# SQLRite arXiv Paper Draft
This directory contains the current arXiv-oriented manuscript for SQLRite.
## Primary files
| `main.tex` | primary LaTeX manuscript |
| `references.bib` | bibliography |
| `build.sh` | local build wrapper |
| `embedded_competitive_snapshot.json` | current embedded benchmark snapshot used in the paper |
| `embedded_competitive_snapshot.md` | human-readable summary of the embedded benchmark snapshot |
| `public_dataset_results.json` | refreshed BEIR/SciFact benchmark results |
| `public_dataset_results.md` | human-readable summary of the public benchmark |
| `run_public_dataset_eval.py` | reproducible public benchmark harness |
| `submission_notes.md` | submission guidance |
## Current paper framing
The current manuscript is a systems-and-practice paper centered on SQLRite's embedded-first use case.

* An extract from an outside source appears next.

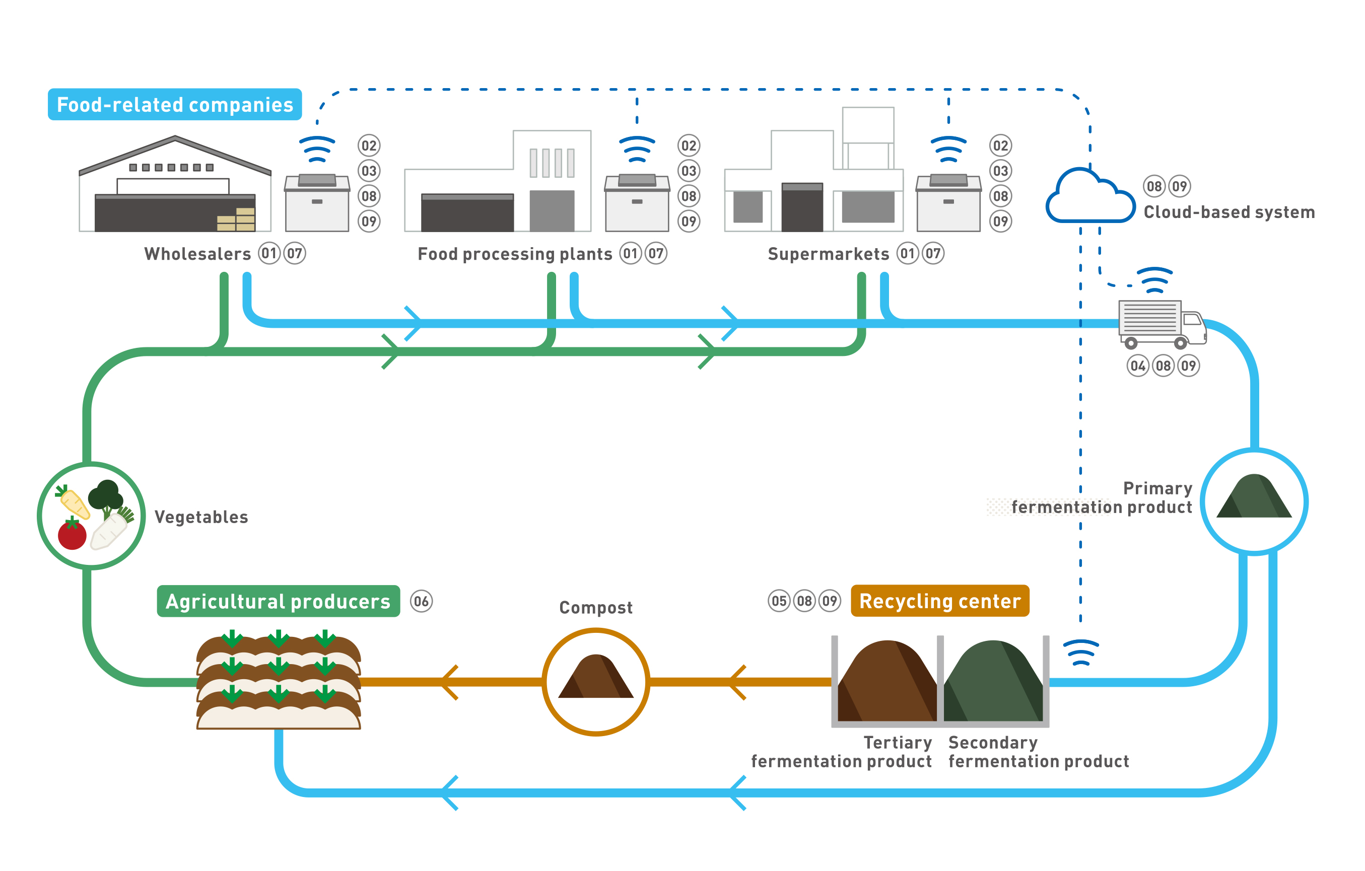 By using smartphones and tablets, food waste volume, fermentation conditions, and more can be known in real time over the Internet.

It makes three claims only:
- SQLRite is designed first for embedded local-first retrieval.
- SQLRite is currently strong on the repository's deterministic filtered embedded benchmark.
- SQLRite's hybrid retrieval path shows a meaningful quality win on the refreshed SciFact benchmark.
It does **not** claim universal dominance across all vector databases, deployment models, or workloads.
## Evidence used by the current draft
### Embedded benchmark snapshot
Source files:
- `embedded_competitive_snapshot.json`
- `embedded_competitive_snapshot.md`
This snapshot is the product-facing filtered cosine workload currently cited by the main repository docs.
### Public benchmark
Source files:
- `public_dataset_results.json`
- `public_dataset_results.md`
- `run_public_dataset_eval.py`
This benchmark uses BEIR/SciFact with deterministic hashed embeddings so it can be rerun locally.
## Build
```bash
cd /Users/jameskaranja/Developer/projects/SQLRight/papers/sqlrite_arxiv
./build.sh
```
`build.sh` prefers `tectonic`, then `latexmk`, then `pdflatex` + `bibtex`.
## Refresh the public benchmark
```bash
cd /Users/jameskaranja/Developer/projects/SQLRight
source papers/sqlrite_arxiv/.venv/bin/activate
papers/sqlrite_arxiv/run_public_dataset_eval.py \
--max-queries 100 \
--embedding-dim 128 \
--top-k 10 \
--warmup 10
```
## Notes
- `run_competitive_eval.py` remains in the paper folder as an auxiliary localhost harness, but the current manuscript is primarily grounded in `embedded_competitive_snapshot.*` and the refreshed public benchmark.
- If the paper is revised again, the most valuable next step is adding one more public dataset and one more hardware class.